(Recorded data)
════════════════

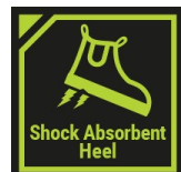
Shock Absorbent Heel
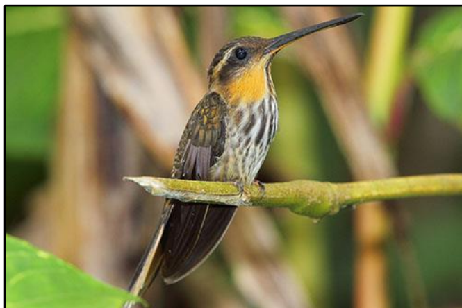
Saw-billed Hermit

thankfully we eventually did! Now for a great bird, we had been sporadically playing Spot-backed Antshrike as we walked down the trail, finally one came in, and although high up in the canopy, we all got good views of this great endemic, we also had good views of a couple of Black-throated Grosbeaks.
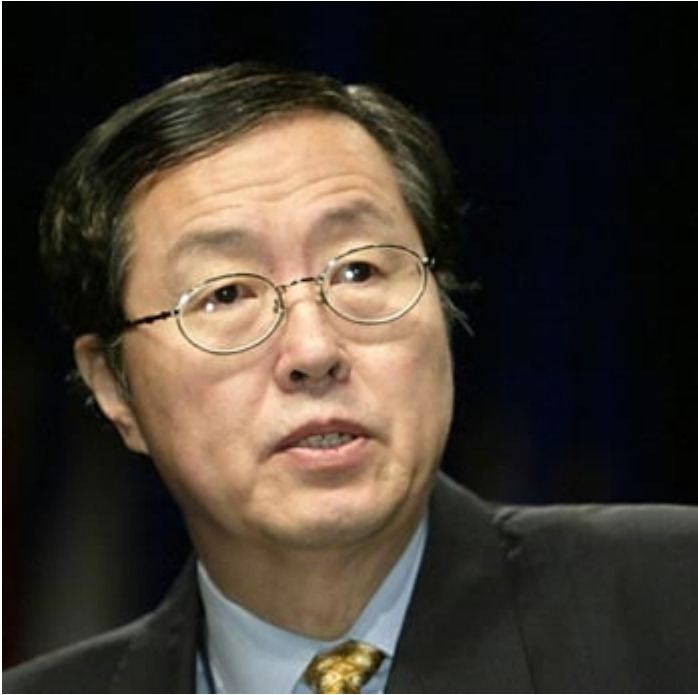
Wary of dollar, China wants super-sovereign currency - 2009-06-26
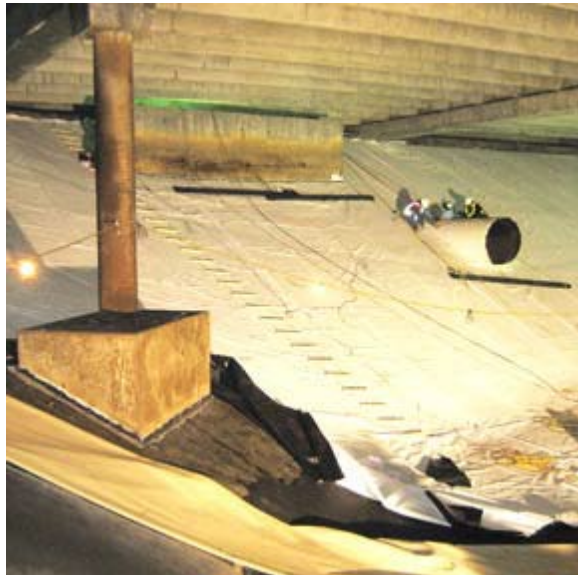
Figure 5. Surge tube (beige tube in foreground) directing surge water to the primary drain. Note the 1.2m (48") pipe boot and sloped column support in the background

To address this concern, Layfield fabricated and supplied a 2 m (6.6') layflat bypass tube from reinforced Polypropylene. This tube was attached to the 1.2 m (48") surge in-flow pipe and extended into the primary drain in the bottom of the reservoir. This allowed incoming surge water to be directed to the drain inlet during construction. As a further back up, Layfield had on site two portable coffer dams (Aqua Dams®) that could be filled with water to dam off a section of the reservoir if the surge water tube unexpectedly didn't work. A plan was in place to inflate the two water-filled coffer dams in the event of an emergency using water from an available hydrant. This back-up plan would then allow time to retrieve equipment and to try and shut off the surge water. During the construction of this project we experienced about two to three surges per day, from a small trickle, to significant water flows. The bypass tube worked as designed and was removed after the final liner tie-in at the completion of the project.
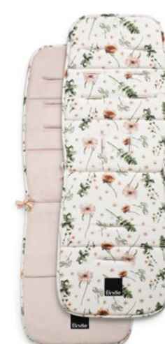
Meadow Blossom 50770143588NA
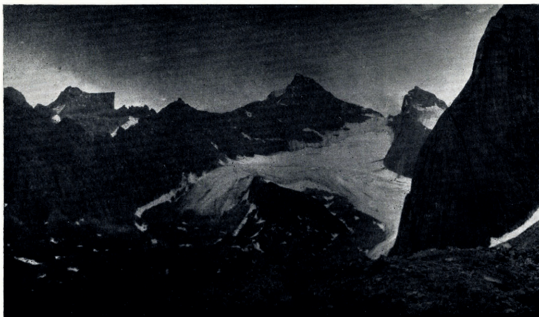
Fig. 4A. Cirque glacier complex at the head of the north fork of Arrigetch Creek. Note the ice in contact with the younger moraine substage. (Photograph by P. S. Smith; 570, 16 July 1911)

(4) The ice-cored moraine in the foreground has subsided an average of 2–3 m. from its 1911 position (dashed line, Fig. 4B). The down-slope movement of its surface boulders indicates continued spilling of boulders over the cirque threshold.
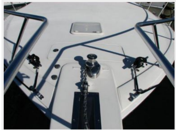
Deck 1 - Windlass
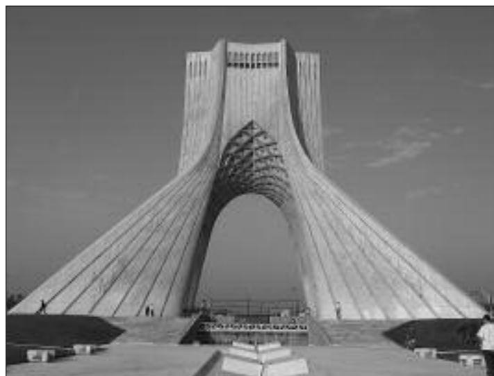
The marvelous Shahyad Tower, Iran's national monument.

"In 1978 over 50,000 Americans lived in Iran. It was a much more liberal country than its Muslim neighbors."
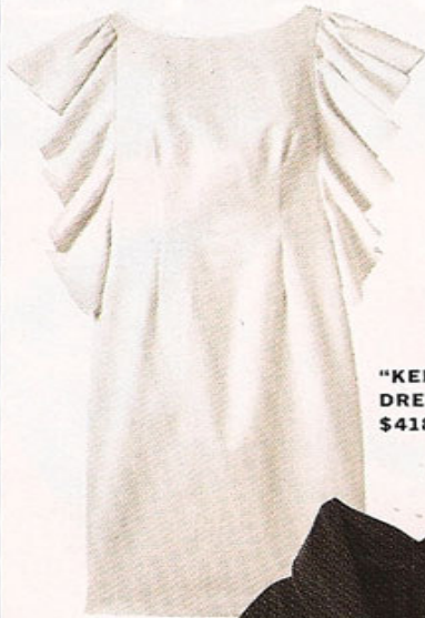
"KEIRA" DRESS, $418
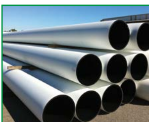
PIPE & HOSE
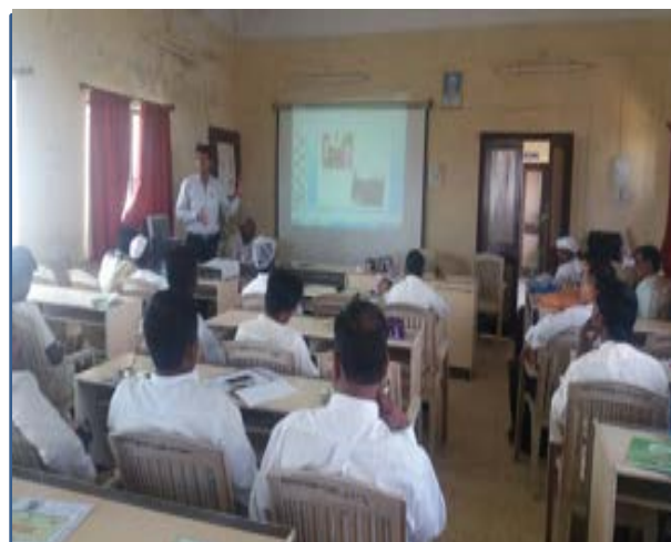
Left : On campus SHG training Program for increasing income potential through A.H. Right : Training for Extension functionaries
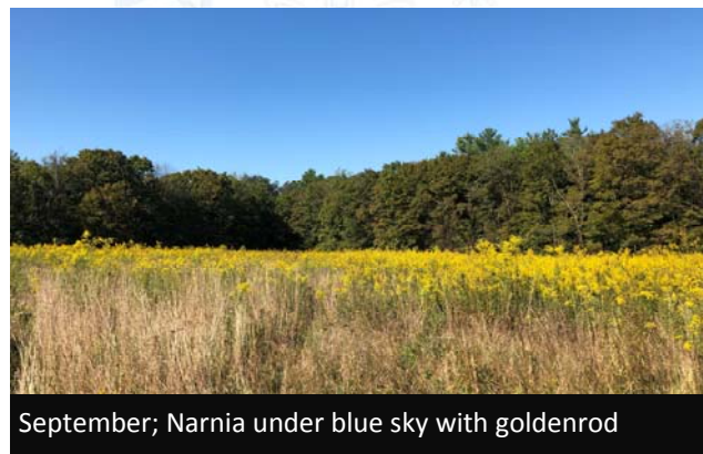
September; Narnia under blue sky with goldenrod

Many of our alumni are probably used to thinking of Camp Onas in its summer glory... lush and green and humid, or perhaps a bit dry and dusty, depending on the kind of summer it is ... we thought it would be fun to send along some photos of Camp Onas from this fall and early winter, so you can picture being here at Onas this time of year.
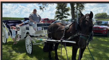
Carriage Rides Throughout the Day
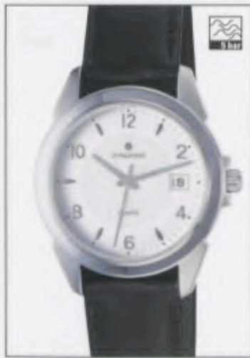
041/4863.00 »Cicero« quartz GE-gs/Z-gs-po/M-gh/D/Lz/BU/S 041/4863.00
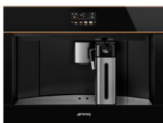
CMS4601NR Copper Trim
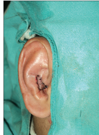
Figure 5: Conchal reconstruction with good aesthetic outcome [anterior view]
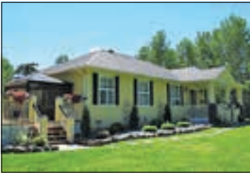
EXECUTIVE HOME NEAR HORSE LAKE

Custom built rancher with full walk-out basement on 12 private acres. This home has it all with top quality finishing throughout. 3 bdrms, 3 baths incl. a deluxe 6 piece ensuite, gourmet country kitchen with granite counter tops, living room features a Kettle Valley Granite F/P & Master Suite with F/P. Lower level you have a media room, exercise room, 2 spacious bdrms & 4 piece bath. Far too many special features to mention here, for more info and Virtual Tour go to www.louisecleverley.com.
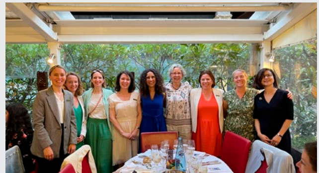
Former-Current Board – 07.07.2022
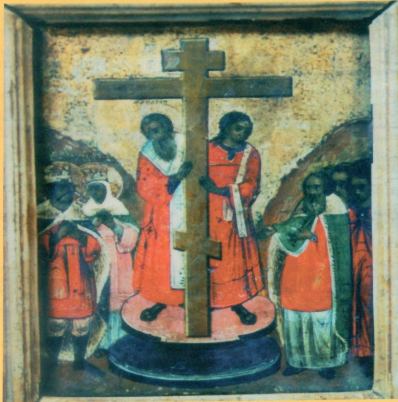
Icon of the Exaltation of the Holy Cross – September 13th
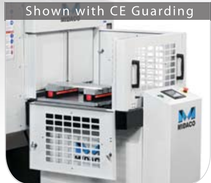
Shown: Automatic Series 16SD
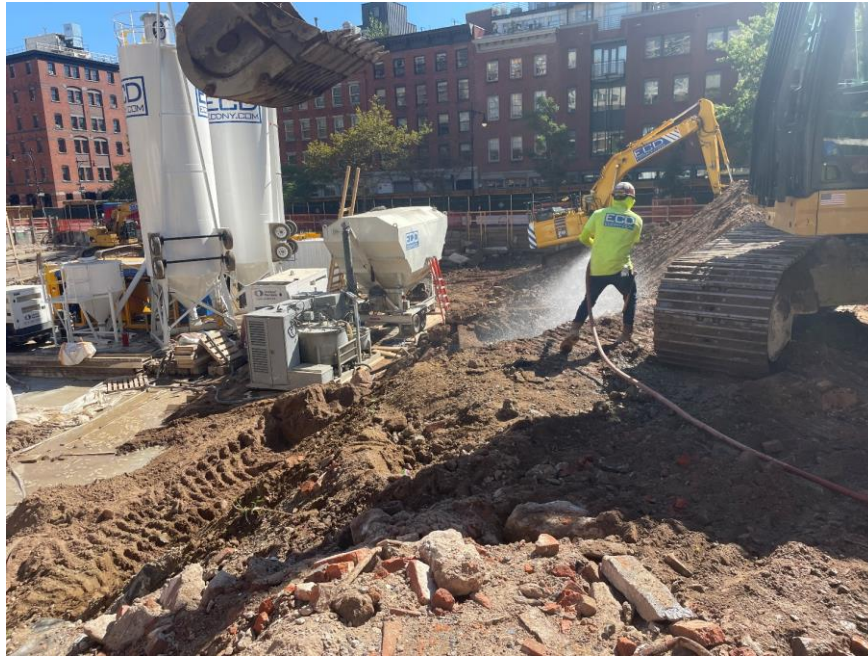
Photo 1: Mercon-X ® mercury vapor suppressant proactively applied to soil/fill during excavation (facing south)
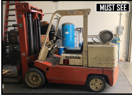
NISSAN CHF03A35V, 3000 LB LPG FORKLIFT.
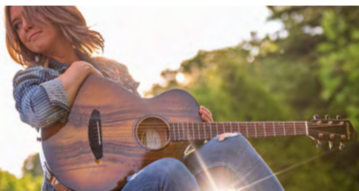
Breedlove ECO Collection
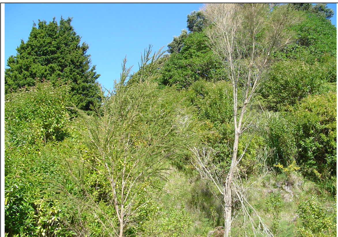
Vegetation on volcanic cone. Mainly consisting of a mixture of native and exotic species, as well as numerous weed species.
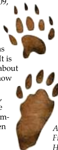
Actual skunk paw print size: Front-1 3/4" Tall x 1 3/4", Hind-2 5/8" Tall x 1 1/2"

Myth – relocating any wild animal is illegal because it spreads diseases to other populations, shifts the problem to someone else, and usually causes the death of the animal.
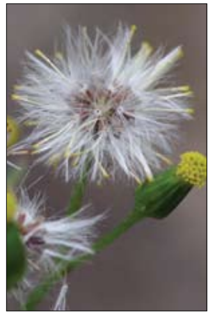
Mature seedhead of common groundsel.
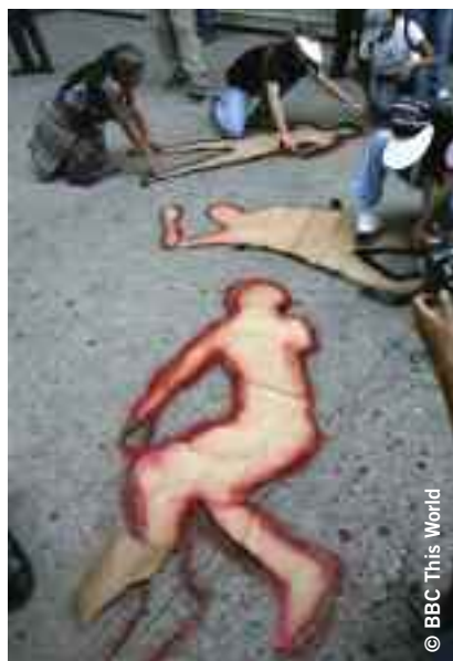
Women protest against the high murder rate of women in Guatemala and the lack of action by the state, November 2005.
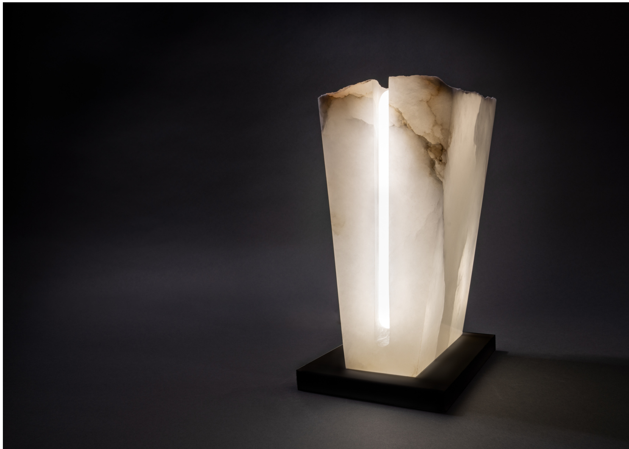
MIMAS , 2021 Italian alabaster and triphosphor coated glass filled with argon and mercury 12 x 6 x 12 in.

════════════════

• [About this task] Each line in the records above should be reproduced exactly; images are not copied.

• [Result for this task]
Shock Absorbent Heel
Saw-billed Hermit

thankfully we eventually did! Now for a great bird, we had been sporadically playing Spot-backed Antshrike as we walked down the trail, finally one came in, and although high up in the canopy, we all got good views of this great endemic, we also had good views of a couple of Black-throated Grosbeaks.
Wary of dollar, China wants super-sovereign currency - 2009-06-26
Figure 5. Surge tube (beige tube in foreground) directing surge water to the primary drain. Note the 1.2m (48") pipe boot and sloped column support in the background

To address this concern, Layfield fabricated and supplied a 2 m (6.6') layflat bypass tube from reinforced Polypropylene. This tube was attached to the 1.2 m (48") surge in-flow pipe and extended into the primary drain in the bottom of the reservoir. This allowed incoming surge water to be directed to the drain inlet during construction. As a further back up, Layfield had on site two portable coffer dams (Aqua Dams®) that could be filled with water to dam off a section of the reservoir if the surge water tube unexpectedly didn't work. A plan was in place to inflate the two water-filled coffer dams in the event of an emergency using water from an available hydrant. This back-up plan would then allow time to retrieve equipment and to try and shut off the surge water. During the construction of this project we experienced about two to three surges per day, from a small trickle, to significant water flows. The bypass tube worked as designed and was removed after the final liner tie-in at the completion of the project.
Meadow Blossom 50770143588NA
Fig. 4A. Cirque glacier complex at the head of the north fork of Arrigetch Creek. Note the ice in contact with the younger moraine substage. (Photograph by P. S. Smith; 570, 16 July 1911)

(4) The ice-cored moraine in the foreground has subsided an average of 2–3 m. from its 1911 position (dashed line, Fig. 4B). The down-slope movement of its surface boulders indicates continued spilling of boulders over the cirque threshold.
Deck 1 - Windlass
The marvelous Shahyad Tower, Iran's national monument.

"In 1978 over 50,000 Americans lived in Iran. It was a much more liberal country than its Muslim neighbors."
"KEIRA" DRESS, $418
PIPE & HOSE
Left : On campus SHG training Program for increasing income potential through A.H. Right : Training for Extension functionaries
September; Narnia under blue sky with goldenrod

Many of our alumni are probably used to thinking of Camp Onas in its summer glory... lush and green and humid, or perhaps a bit dry and dusty, depending on the kind of summer it is ... we thought it would be fun to send along some photos of Camp Onas from this fall and early winter, so you can picture being here at Onas this time of year.
Carriage Rides Throughout the Day
041/4863.00 »Cicero« quartz GE-gs/Z-gs-po/M-gh/D/Lz/BU/S 041/4863.00
CMS4601NR Copper Trim
Figure 5: Conchal reconstruction with good aesthetic outcome [anterior view]
EXECUTIVE HOME NEAR HORSE LAKE

Custom built rancher with full walk-out basement on 12 private acres. This home has it all with top quality finishing throughout. 3 bdrms, 3 baths incl. a deluxe 6 piece ensuite, gourmet country kitchen with granite counter tops, living room features a Kettle Valley Granite F/P & Master Suite with F/P. Lower level you have a media room, exercise room, 2 spacious bdrms & 4 piece bath. Far too many special features to mention here, for more info and Virtual Tour go to www.louisecleverley.com.
Former-Current Board – 07.07.2022
Icon of the Exaltation of the Holy Cross – September 13th
Shown: Automatic Series 16SD
Photo 1: Mercon-X ® mercury vapor suppressant proactively applied to soil/fill during excavation (facing south)
NISSAN CHF03A35V, 3000 LB LPG FORKLIFT.
Breedlove ECO Collection
Vegetation on volcanic cone. Mainly consisting of a mixture of native and exotic species, as well as numerous weed species.
Actual skunk paw print size: Front-1 3/4" Tall x 1 3/4", Hind-2 5/8" Tall x 1 1/2"

Myth – relocating any wild animal is illegal because it spreads diseases to other populations, shifts the problem to someone else, and usually causes the death of the animal.
Mature seedhead of common groundsel.
Women protest against the high murder rate of women in Guatemala and the lack of action by the state, November 2005.
MIMAS , 2021 Italian alabaster and triphosphor coated glass filled with argon and mercury 12 x 6 x 12 in.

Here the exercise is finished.